A tragedy in the making....

The semester project for CC 222 is to write and produce an original Greek tragedy in English — that is, to compose and perform a play with the format and subject matter of the plays studied this term.

 

The project affords students the opportunity to apply their insights into tragedy, developed over a semester of reading primary and secondary sources, as well as working with masks and presenting stagings of tragic scenes.

The successful project will be more or less indistinguishable from one of the translated plays on the CC 222 reading list.  The audience should accept that it is a work of fifth-century Athens that has survived to the present day.  At the same time, the play must justify its survival, resonating with modern sensibilities and concerns.  This is the difference between a museum piece and a classic.

Constraints of time and resources may make it impossible to mount a full-scale theatrical production.  You should therefore aim for to produce a drama about 1,000 verses long (or a running time of a little over an hour).

As this project is a group effort, everyone should conscientiously observe requirements and deadlines.  Workloads should be as even as possible, and each student must pull his or her own weight.  It is assumed that students will meet regularly outside of class to complete the project. This is an ambitious assignment, to be sure, but it is possible to achieve within a single semester. 

   
Duties.
 

Each member of the class will be assigned a duty (or, if the work is small, duties) to undertake as the project moves forward. Here is a preliminary roster of duties and the responsibilities involved; others may suggest themselves as the project proceeds.

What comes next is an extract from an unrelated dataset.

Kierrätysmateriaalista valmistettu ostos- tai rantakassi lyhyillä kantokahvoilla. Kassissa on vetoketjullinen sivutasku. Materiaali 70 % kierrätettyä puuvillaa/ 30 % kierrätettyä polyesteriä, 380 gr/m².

Writers (4-5 ideally; 6 total)

Writers initially choose the myth and write the script to be used in the performance.  Over the course of the semester they update and maintain the script and ensure that everyone is on the same page.

Writers will have both a superb grasp of grammar and syntax and an ear for the stage.  Since the story will be set in the world of Greek myth, the writers should also have some familiarity with the legends and stories of ancient Greece (or should be willing to make themselves familiar).

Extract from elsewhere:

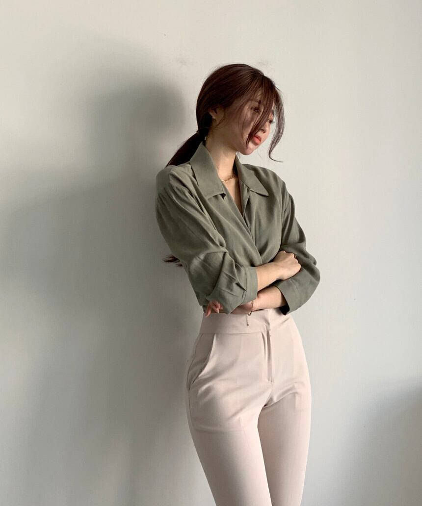 クロスサイドウェストスリムショートシャツ トップス レディース 韓国婦人21449444324

Note that writing cannot happen without research.  The primary and secondary sources assigned in CC 222, as well as the discussions and other course activities, will provide background for the project;  yet further reading is not only inevitable, but also encouraged.  The broader and deeper the research, the broader and deeper the final play;  a shallow and narrow play, in turn, is the result of shallow and narrow research.  Professor Curley will be happy to recommend appropriate reference works and readings.

Actors (4-5 max.)

Actors perform the primary speaking (i.e. non-choral) roles of the play.  We often speak of the "three-actor rule" in ancient drama, which was really only a convention and meant that all of the principal roles (excluding the Chorus and extras) could be played by three actors.  In your production, the three-actor rule may be "bent" to accommodate one or two additional actors (though the script should be written for three actors).

Actors should have some stage experience (or at least talent), should be articulate, and should be willing to memorize the script.  Cross-gender casting is encouraged.  Note that all members of the class must appear onstage in some capacity, but the principal speaking roles should be reserved for the actors.  Actors may alter the script here and there, provided that any alterations are communicated to the writers.

The primary work of the actors will begin once the script rough draft is delivered by the writers.  However, actors should familiarize themselves with the characters in question, which will be known in advance, and should meet to cultivate a style of performance suitable to both ancient material and modern audiences.

Chorus (5-7 max.)

The Chorus is the heart-and-soul of the production, commenting on the drama as it occurs through speech and especially song and dance.  Its moments of singing and dancing (choral odes or stasima) shapes the audience's perception of the play as much as the performances of the actors do.

Members of the chorus will have a talent for singing, dancing (and perhaps playing an instrument, a concession to modern times).  A very important member of the Chorus is the Chorus Leader, who answers for the Chorus during spoken episodes, and who in your production might choreograph the choral odes.

The primary work of the Chorus will begin once the script rough draft is delivered by the writers.  However, Chorus members should familiarize themselves with the myth in question, which will be known in advance, and should meet to cultivate a style of performance suitable to both ancient material and modern audiences.

Although the writers will initially script the odes, the Chorus should feel free to change them to suit the nature of the song and the dance — provided that the changes are communicated back to the writers.

Production designers (5-7 max.)

Production designers create the visual and perhaps musical aspects of the play:  costumes, masks (if applicable), sets, and props.  They also secure and prepare a venue, publicize the event, and assist the actors in performance.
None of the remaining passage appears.